▶ [ACTIVITY]: Between the line containing "Sterling Silver 925" and the line containing "History of Chicago: its" lies a run of lines; give that run again exactly, with both of those lines, and nothing else from the entries below.

*** Opening of STORED DATA ***

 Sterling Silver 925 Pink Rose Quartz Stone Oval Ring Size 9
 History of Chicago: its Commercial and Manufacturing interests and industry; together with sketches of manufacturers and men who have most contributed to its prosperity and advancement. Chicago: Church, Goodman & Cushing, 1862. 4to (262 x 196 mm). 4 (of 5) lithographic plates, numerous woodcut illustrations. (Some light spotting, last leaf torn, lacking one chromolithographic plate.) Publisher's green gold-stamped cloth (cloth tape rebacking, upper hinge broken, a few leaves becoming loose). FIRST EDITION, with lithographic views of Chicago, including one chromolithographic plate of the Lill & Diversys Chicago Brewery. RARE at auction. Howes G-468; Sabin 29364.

*** Close of STORED DATA ***
*** Opening of STORED DATA ***

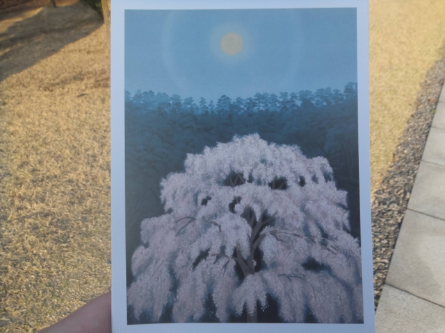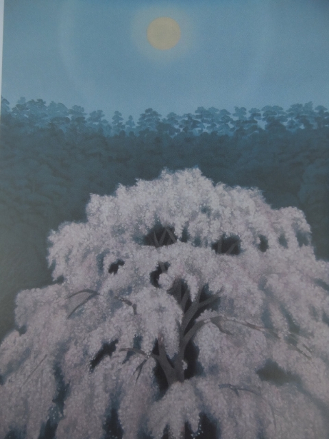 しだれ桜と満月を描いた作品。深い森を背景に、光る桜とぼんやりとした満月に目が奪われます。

*** Close of STORED DATA ***

▶ [TASK RESPONSE]:
 Sterling Silver 925 Pink Rose Quartz Stone Oval Ring Size 9
 History of Chicago: its Commercial and Manufacturing interests and industry; together with sketches of manufacturers and men who have most contributed to its prosperity and advancement. Chicago: Church, Goodman & Cushing, 1862. 4to (262 x 196 mm). 4 (of 5) lithographic plates, numerous woodcut illustrations. (Some light spotting, last leaf torn, lacking one chromolithographic plate.) Publisher's green gold-stamped cloth (cloth tape rebacking, upper hinge broken, a few leaves becoming loose). FIRST EDITION, with lithographic views of Chicago, including one chromolithographic plate of the Lill & Diversys Chicago Brewery. RARE at auction. Howes G-468; Sabin 29364.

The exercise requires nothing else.